Butler also provides the option to specify the compression level (defaulting to 1), so I decided to test a few levels of Zstd, Gzip and brotli.
butler diff sizes | brot, l1 | brot, l8 | gz, l9 | zstd, l10 |
---|---|---|---|---|
of-small | 32M | 25M | 30M | 26M |
of-medium | 376M | 256M | 332M | 265M |
of-large | 1.15G | 887M | 1.02G | 910M |
butler diff times | brotli, l1 | brotli, l8 | gzip, l9 | zstd, l10 |
---|---|---|---|---|
of-small | 42s | 47s | 48s | 40s |
of-medium | 7m51s | 8m13s | 9m1s | 7m30s |
of-large | 8m35s | 10m20s | 10m51s | 8m16s |
As stated by one of my colleauges, diff time isn’t really a priority since our server time is less valuable than the end users, so if it reduces size at the cost of generation time going up modestly it’s worth it.
The data shows that zstd can drive down the size by a good amount without massively driving up the generation time, but that brotli generally outperforms it at L8 - I also did some preliminary testing with higher brotli levels and found out that the generation time goes up way too much to be worth it, for us anyway.
This is all quite important, however there’s one important thing that’s missing here - decompression speed!
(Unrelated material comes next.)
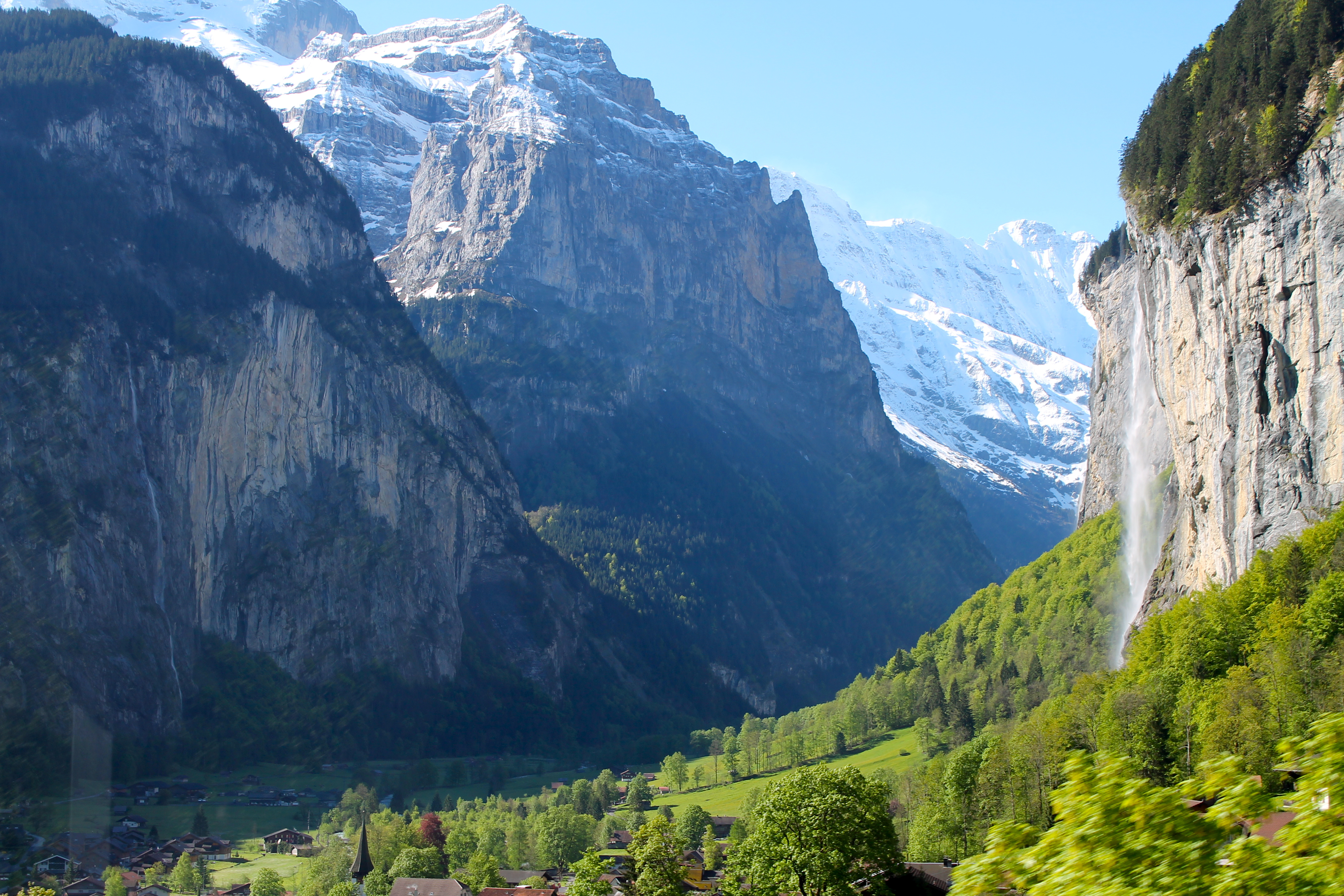 Our train didn’t depart for about an hour, so I shoveled down breakfast while rushing my mom along. Rather be early and sit around bored for an hour than enjoy breakfast and be late!! 😉 We took the same train to Lauterbrunnen as before, but this time instead of walking toward Staubbach Falls, headed to the cable car to Grutschalp. This first cable car wasn’t very scary; it was more fun! I don’t think I had ever been on one before, so I was mainly curious. My mom though wasn’t too happy about being squished up against the door as the cable car swayed, even though she had been on a cable car before (in Alaska I think?) and knew what to expect.

butler apply times | brotli | zstd |
---|---|---|
of-small | 2s | 2s |
of-medium | 11s | 3s |
of-large | 26s | 5s |
tf2c-small | 37s | 34s |
tf2c-large | 37s | 24s |
Now that’s a lot better - substantial improvements with zstd when it comes to those larger patch sizes, for OF especially. As a result, we decided to go with zstd with a higher level than tested (L14, as this provides something close to brotli l8 with the zstd decompression advantage).
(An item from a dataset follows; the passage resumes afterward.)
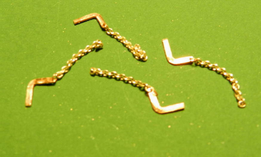 Ну а я сделал ещё несколько мелочей. Из латуни изготовил стопорную шайбу для колеса и чеки. Саму чеку тоже из латуни выточил, прицепил цепочки и примерил на ось.
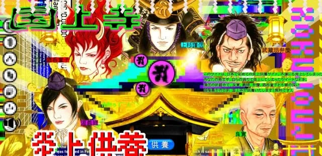 La página web reproduce un audio de un sacerdote que recita el Maka Hannya Haramita Shingyo (El Gran Sutra de la Sabiduría Profundamente Esencial y Más Allá), junto con imágenes de figuras de la historia budista japonesa, incluido el ermitaño monje Soto Zen Ryokan Taigu, el señor feudal budista Uesugi Kenshin, el comandante samurái Minamoto no Yoshitsune, y el monje guerrero Saito Musashibō Benkei.

That’s compression sorted - what’s next? Well butler has a very nice option to output a CPU profile for purposes such as this - so I did just that.
…That’s a good chunk of time spent doing nothing but working out MD5 hashes. There’s two ways of fixing this in theory:
- Computing less MD5 hashes
- Making the hashing faster
The latter was a lot easier since it’s effectively just “find something faster than MD5”. A quick cursory google search yielded something called highwayhash (ported to go). The throughput numbers can only be described as “stonking” (if they’re accurate):
BenchmarkHighwayHash 11986.98 MB/s
BenchmarkSHA256_AVX512 3552.74 MB/s
BenchmarkBlake2b 972.38 MB/s
BenchmarkSHA1 950.64 MB/s
BenchmarkMD5 684.18 MB/s
BenchmarkSHA512 562.04 MB/s
BenchmarkSHA256 383.07 MB/s
src:https://github.com/minio/highwayhash
I quickly patched wharf, the actual protocol behind butler, to use highwayhash for diffing instead of md5. The profile now looks like this:
Much, much better. The speed improvements speak for themselves:
butler diff times | md5 | highwayhash |
---|---|---|
of-small | 40s | 21s |
of-medium | 7m30s | 1m57s |
of-large | 8m16s | 2m51s |
tf2c-small | 1m33s | 58s |
tf2c-large | 4m0s | 2m49s |
This was surprisingly straightforward - didn’t require anything overly clever, and we’ve slashed patch generation time by over a half in some cases.
Is there more to be done? Probably, almost definitely. I’m not massively experienced in golang, Butler/Wharf is a sizeable codebase, and, most importantly, it’s not really the priority. Getting Adastral stable is. Premature optimisation and all that.
Until next time.
-kmt